By Pritha Sarkar

RIO DE JANEIRO (Reuters) - When Simone Biles stood on her bare feet ready to mount the balance beam on Thursday, it seemed like she would need to get on her tiptoes to peer over the 1.25 meter (4.1 feet) apparatus.

But what the 1.45 meter Biles lacks in height, she more than makes up in stature.

The American stood head and shoulders above all her rivals on Thursday after she was crowned Olympic all-around champion.

For American team co-ordinator Marta Karolyi, who has enjoyed a five-decade coaching career, there is only one other gymnast who can be compared to Biles.

"She is right on the top," Karolyi, who along with her husband Bela steered Romanian Nadia Comaneci to the first perfect 10 at the 1976 Olympics, told reporters.

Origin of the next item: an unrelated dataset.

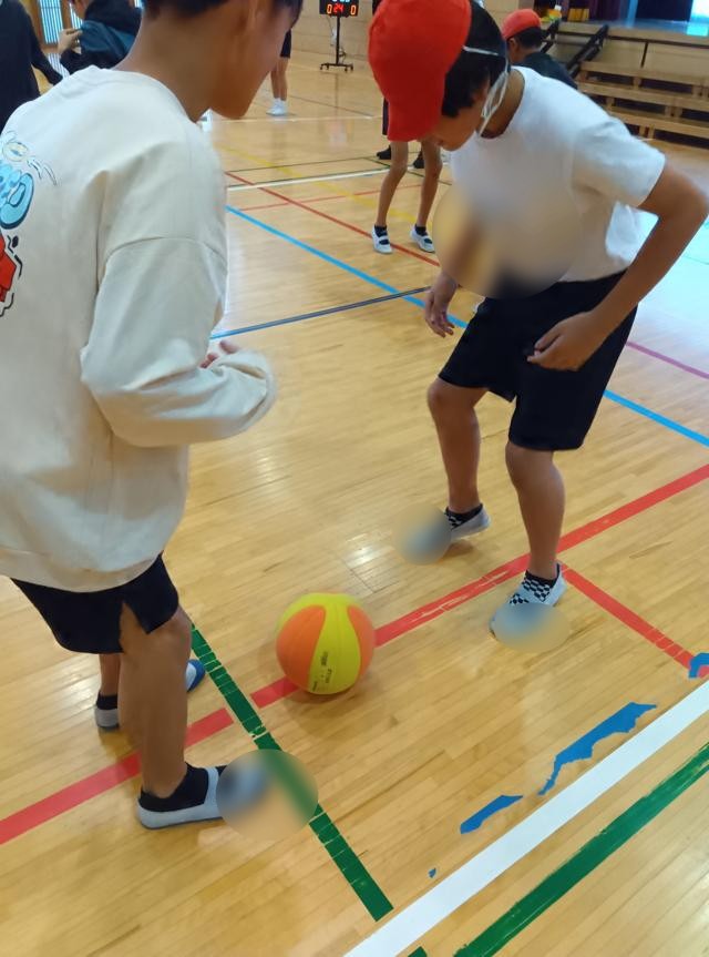 その後は、ボールを使ってドリブルやシュートの練習をしていきました。先生方は、小学校のゴールだと軽々ダンクシュートを決めていました。バスケットボール云々というよりも、運動そのもの、そしてその楽しさを教えていただきました。ありがとうございました。

"Along with Nadia ... both of them. For me, the first Olympic champion and the last Olympic champion they are together. They are special," added the 73-year-old, who will retire from coaching after the Rio Games.

That puts Biles above many great gymnasts that Karolyi has worked with in a long and distinguished career.

She helped Mary Lou Retton to become the first American to win an Olympic all-around gold in 1984, had a hand in Kerri Strug's heroic vault at the 1996 Games and guided Olympic all-around champions Nastia Liukin and Gabby Douglas among others.


Since making her debut at the 2013 world championships, the 19-year-old Biles has become an unstoppable force. Last year she became the first woman to win a "three-peat" of all-around golds at the worlds.

In Antwerp, Nanning and Glasgow she flew through the air faster and higher than her rivals, completing her acrobatic tumbles with solid landings.

Those skills also helped the gymnast nicknamed '$imoney' to become the most successful female athlete at the worlds -- with a record haul of 10 gold medals.

"She flies higher than anyone, has bigger difficulty value than we have ever seen, but what is even more impressive is that she delivers in the big meets," 2004 Olympic men's floor champion Kyle Shewfelt told Reuters.

"She is the most powerful, dynamic gymnast I have ever seen.

"She is breaking records left, right and center. At these Games she now has two medals and she could win another three so her bags are going to be a lot heavier on the way home."

Biles, though, wants no part of the debate.

"Someone could say I'm the best but then there is a whole different side of people saying I am not. So, I just stay out of it. It is what it is. I just do my gymnastics," she said after collecting her second Olympic gold in three days.


On Thursday, Biles completed a feat that no woman has pulled off for 20 years -- winning back-to-back world and Olympic all-around titles.

Since the event was introduced to the Olympic program in 1952 only Soviet Union duo Larisa Latynina (1960) and Ludmilla Tourischeva (1972), Czech Vera Caslavska (1968) and Ukraine's Lilia Podkopayeva (1996) have bagged the double. And now Biles.

"Just because you are at the top doesn't mean you can stop, you have to keep going," said Biles.

The American was too young to compete at the 2012 Olympics, but she was a senior at the start of the current Olympic cycle in 2013.

That meant sustaining her levels for four years, a stretch that is beyond most elite gymnasts but not Biles.

"Some girls in generations before thought that by winning one world championship or winning two, they think they arrived at the top," added Karolyi.

"My advice is ... you are just as good as you are today. So you never can think I am done. Every single day you have to become better and better and Simone responded very well to this advice and I am so proud because of this.

"The longevity at this level, three world championships and an Olympic Games, I don’t think is precedented."